Operator: Our next question comes from the line of Craig Hettenbach from Morgan Stanley.

Craig Hettenbach: Just following up on that and understand you said it could be accretive to revenue and margin. Can you just talk even high level about just kind of investments that maybe you need to make to kind of get this off the ground and how you think about that implications for 2026?

Steven Cook: Craig, this is Steve. Absolutely, thank you for the question. We’re not talking through specific numbers at this point. We’re just at the tail end of our or the end of our 2026 annual planning process. Obviously, to stand this up, it’s going to require some investment, namely across our engineering and our product organization as well as our sales and marketing teams. So as we think through the go forward here, we’re going to plan to provide more specific guidance once we get into the March call and to be able to stand up this functionality. But this has been on the back of our health plan customers, our PBM customers asking us to stand up this functionality. So we do realize that it’s going to be an investment that we’re going to need to make in 2026.

Craig Hettenbach: Got it. And then just separately, a question on the selling season. Last year, I think 50% of new customers started with 2 conditions or more. Just trying to get a sense in terms of is that still the trend in terms of this year? And anything that’s standing out 1 year to the next in terms of what’s really resonating most with customers this year?
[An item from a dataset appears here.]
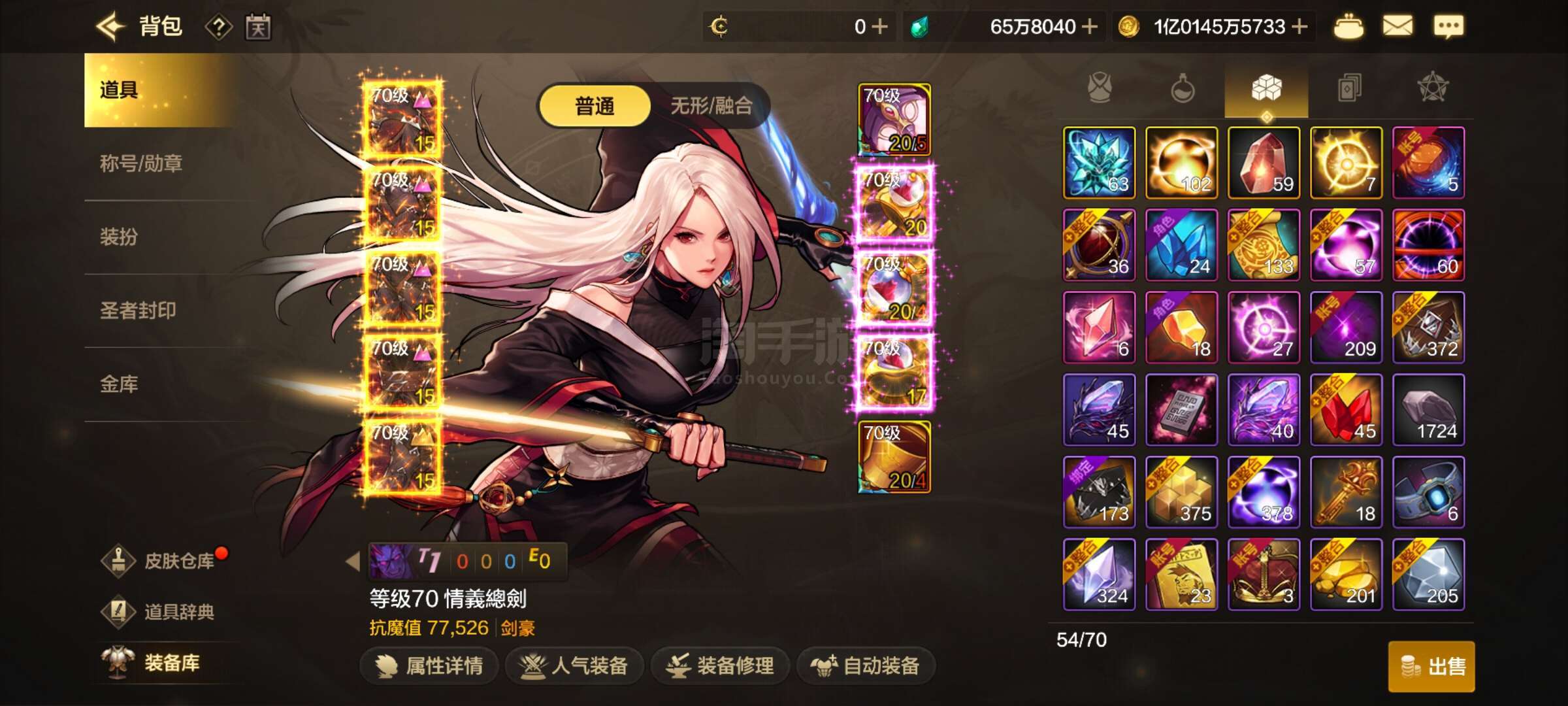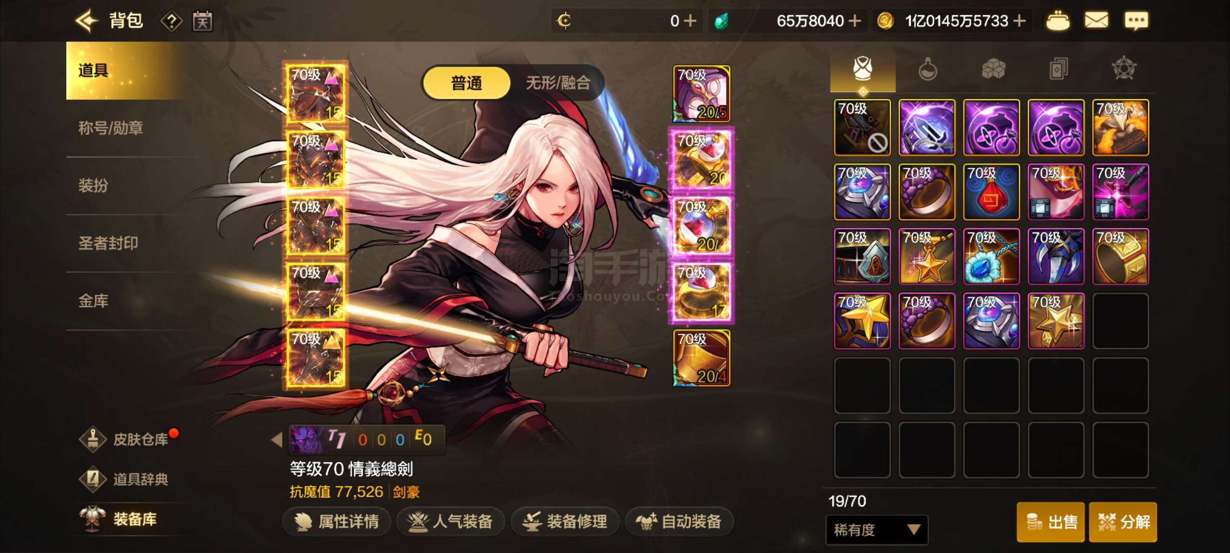 DNF手游【安卓QQ】70级剑豪抗魔77000,+20的70史诗光剑,泰拉65W,金币1亿,业火皮甲一套,天空套

Wei-Li Shao: Yes. Craig, this is Wei-Li. Thanks for the question regarding the multiproduct penetration. You’re correct. We’ve said historically that we’ve seen quarters where closed deals for new business and upsell have far exceeded 50%. We continue to press on that, as you might imagine, and we continue to make progress on it. The results in the selling season so far, I mean, we’re a little more than halfway through. But if you look at Q3, we’re pleased with the progress, and we continue to make traction against our multiproduct sales. And maybe I’ll comment too a little bit on the pipeline, some of you probably are wondering about that, too as well. In Q3, we’re seeing double-digit volume deal growth Q3 to Q3 last year. So we like what we see. But of course, the selling season is not over yet. And our sales teams, you can bet, are busy closing out the year as strong as possible.

Operator: Our next question comes from the line of Richard Close from Canaccord Genuity.

Richard Close: Yes. A couple of questions here. First, congratulations on the strong results. Just maybe a follow-up on the GLP-1 and maybe, Steve, how you’re thinking about those investments? Should we assume that you’re able to, with some of the AI initiatives and whatnot, keep gross margins in the ZIP code of 68% even with rolling out this new offering or prescribing?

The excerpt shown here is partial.